■ Task details
A line below contains "Състои се от", and a later one contains "パチャ犬アニメかわいい電気自". Repeat both, with every line between them, exactly.

■ Extracted records
-----
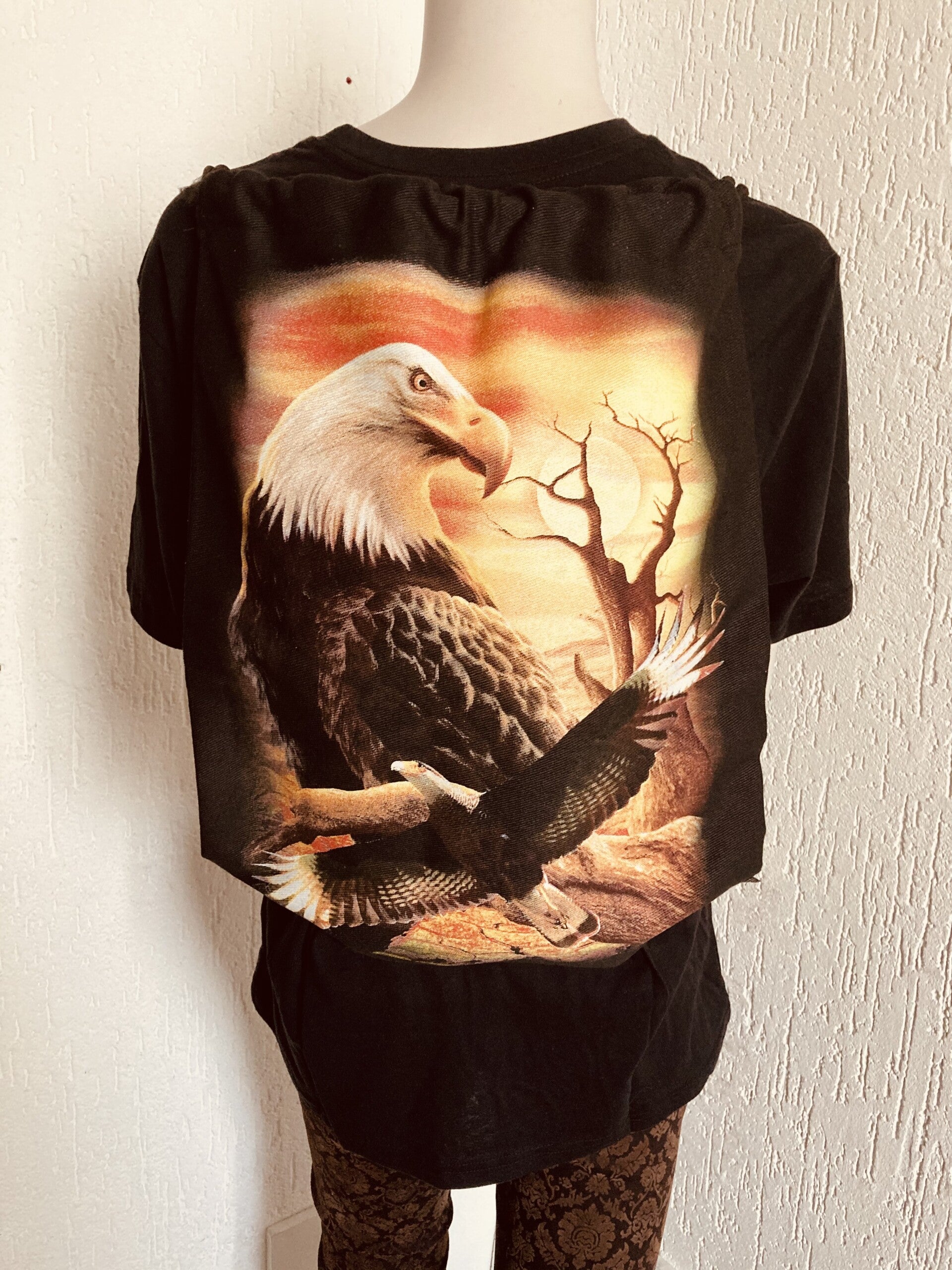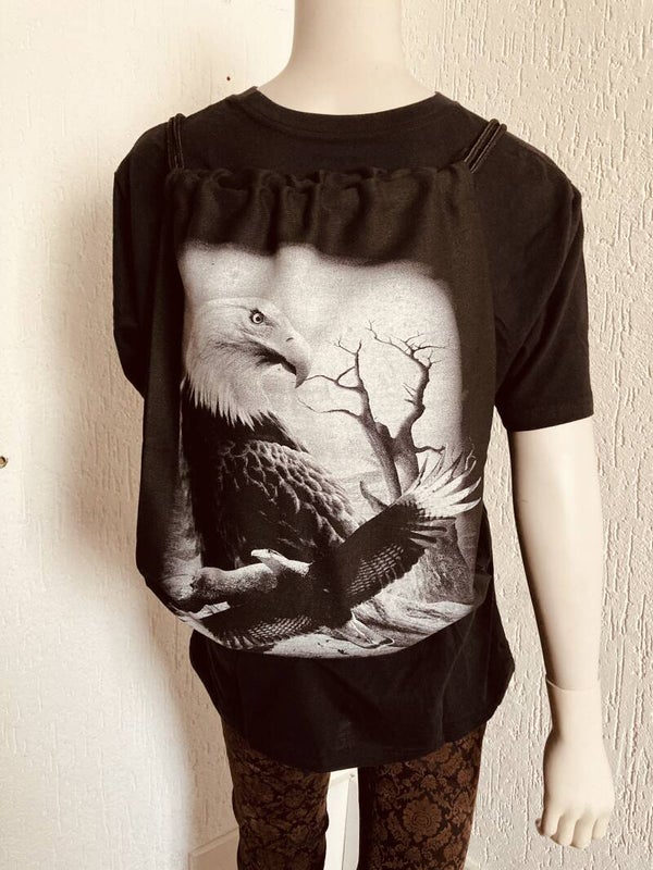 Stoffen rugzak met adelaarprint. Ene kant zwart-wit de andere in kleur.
-----
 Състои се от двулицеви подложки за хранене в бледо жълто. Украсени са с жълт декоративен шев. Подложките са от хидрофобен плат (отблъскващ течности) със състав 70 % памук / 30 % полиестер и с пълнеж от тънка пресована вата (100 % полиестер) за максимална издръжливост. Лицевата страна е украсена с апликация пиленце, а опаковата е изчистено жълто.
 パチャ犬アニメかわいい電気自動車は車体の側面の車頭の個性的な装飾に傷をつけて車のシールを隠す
-----
■ Solved exercise
 Състои се от двулицеви подложки за хранене в бледо жълто. Украсени са с жълт декоративен шев. Подложките са от хидрофобен плат (отблъскващ течности) със състав 70 % памук / 30 % полиестер и с пълнеж от тънка пресована вата (100 % полиестер) за максимална издръжливост. Лицевата страна е украсена с апликация пиленце, а опаковата е изчистено жълто.
 パチャ犬アニメかわいい電気自動車は車体の側面の車頭の個性的な装飾に傷をつけて車のシールを隠す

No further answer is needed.